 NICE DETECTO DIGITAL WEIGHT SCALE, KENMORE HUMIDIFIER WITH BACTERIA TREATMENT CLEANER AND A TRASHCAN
========
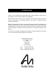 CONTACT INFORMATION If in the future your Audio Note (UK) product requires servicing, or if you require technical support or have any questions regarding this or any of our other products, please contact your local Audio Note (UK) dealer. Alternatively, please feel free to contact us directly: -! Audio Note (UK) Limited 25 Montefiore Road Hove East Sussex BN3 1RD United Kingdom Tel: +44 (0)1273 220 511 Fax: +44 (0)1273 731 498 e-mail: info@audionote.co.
========
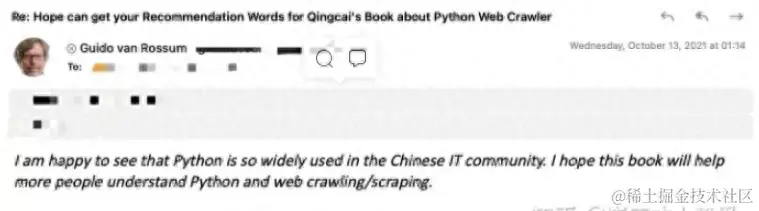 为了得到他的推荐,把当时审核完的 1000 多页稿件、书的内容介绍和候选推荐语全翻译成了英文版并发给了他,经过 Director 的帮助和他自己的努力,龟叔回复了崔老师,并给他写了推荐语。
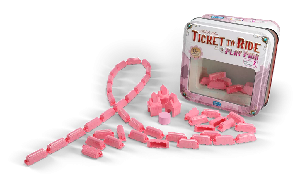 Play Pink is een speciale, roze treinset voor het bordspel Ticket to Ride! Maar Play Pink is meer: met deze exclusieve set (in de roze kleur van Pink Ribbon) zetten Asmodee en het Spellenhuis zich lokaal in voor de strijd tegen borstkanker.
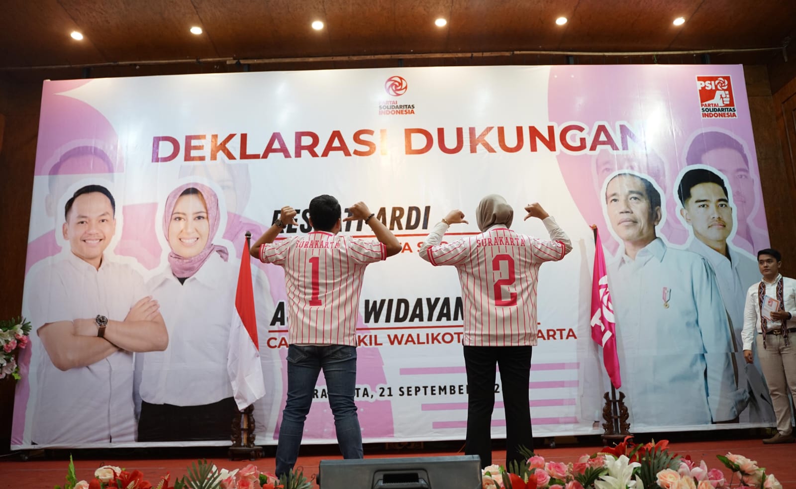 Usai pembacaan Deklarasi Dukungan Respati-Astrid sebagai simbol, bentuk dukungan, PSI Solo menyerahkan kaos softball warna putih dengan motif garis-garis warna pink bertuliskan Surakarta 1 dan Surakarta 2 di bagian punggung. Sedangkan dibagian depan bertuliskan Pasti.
========
Work to be completed:
Your reply should hold nothing but the lines above, from the one containing "Play Pink is een" to the one containing "Usai pembacaan Deklarasi", reproduced exactly minus the pictures.

Output of the exercise:
 Play Pink is een speciale, roze treinset voor het bordspel Ticket to Ride! Maar Play Pink is meer: met deze exclusieve set (in de roze kleur van Pink Ribbon) zetten Asmodee en het Spellenhuis zich lokaal in voor de strijd tegen borstkanker.
 Usai pembacaan Deklarasi Dukungan Respati-Astrid sebagai simbol, bentuk dukungan, PSI Solo menyerahkan kaos softball warna putih dengan motif garis-garis warna pink bertuliskan Surakarta 1 dan Surakarta 2 di bagian punggung. Sedangkan dibagian depan bertuliskan Pasti.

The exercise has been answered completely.